The wine gave me flowers. How could I resist it? The wine’s bouquet included honeysuckle and loads of other white flowers along with pot pourri, dried citrus peel and nutmeg. Oh, and pear. The aromas weren’t subdued either. Delicate yes, but not quiet. “Wow,” I said, probably several times, as I looked for a way to strap the glass to my nose like an oxygen mask.

”Harrumph,” you might say. “Chardonnay isn’t supposed to smell all flowery like that.” By and large, you’d be right. You expect apples and pairs, peaches and cream, butter and toast, oak and spice. You might expect tropical fruit. If you’re used to Old World Chardonnay, you might be looking for flint or chalk, maybe gravel after a Spring rain. Or a soupcon of cheese rind. And, from time to time, there will be a hint of a pale bloom. That’s why this wine made my eyes bug out. The aromas were as unexpected as they were delightful.

Now, if the wine didn’t smell like Chardonnay as well, and resemble that variety in other ways, it would just be an oddity. But it did. It did not smell like Gewurtztraminer. You would not think you were drinking Viognier or Muscat or other varieties known for floral aspects. In 2005, the Nickel and Nickel Searby Vineyard Chardonnay offered the flowers as a bonus gift, not a replacement for essential Chardonnay characteristics.

Nickel and Nickel attributes the floral nose to the clone of Chardonnay that they use. The Rued clone, in this case planted on St. George rootstock, originated from vines planted by Warren Dutton more than 40 years ago in Green Valley of the Russian River Valley. Weather and vineyard management influence the strength of Rued clone Chardonnay’s floral and passionfruit aromas from one vintage to the next. However, while the 2005 seems to have been exceptionally expressive, the Nickel and Nickel Searby Vineyard Chardonnay offers them up more often than not.

Despite having some age on it, the 2005 Nickel and Nickel Searby Vineyard Chardonnay offers a youthful nose. It’s considerable floral notes are on top of dried citrus, pear, nutmeg and other spices. The lack of malolactic fermentation leaves the wine just short of full-bodied but fresh with medium-plus acidity. The flavors match the nose’s intensity and include oak, nutmeg and cinnamon, white flowers, pear, stone fruit and vanilla. To cap off this complexity, the wine has a long, pleasing finish. Drink it while it’s fresh, now through 2014. Very Highly Recommended.

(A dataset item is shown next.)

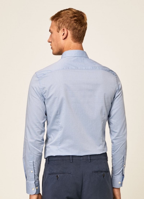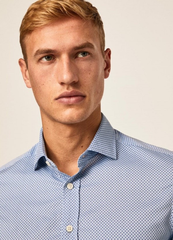 Melanj pamuklu kumaştan üretilen ve üzerinde sofistike bir mini fular baskısının öne çıktığı dar kesim gömlek. Dar kesimi ve popüler kırpılmış Kent yakamızın birleşimi bu terziliği her zaman favori yapıyor.

2005 Nickel & Nickel Chardonnay Searby Vineyard Russian River Valley
Rating: Very Highly Recommended
Drink: Now through 2014
Release Date: March, 2007
Retail Price: $45.00 for the current, 2008, vintage

Blend: 100% Chardonnay, Rued clone
Origin: 100% Russian River Valley

Vinification: Whole-cluster press, barrel-fermented, no malolactic fermentation

Aging: 9 months in French oak barrels, 52% new, 48% once-used

Alcohol: 14.3%

Closure: Cork

The wine above was purchased and tasted blind in a flight of four New World and Old World Chardonnay.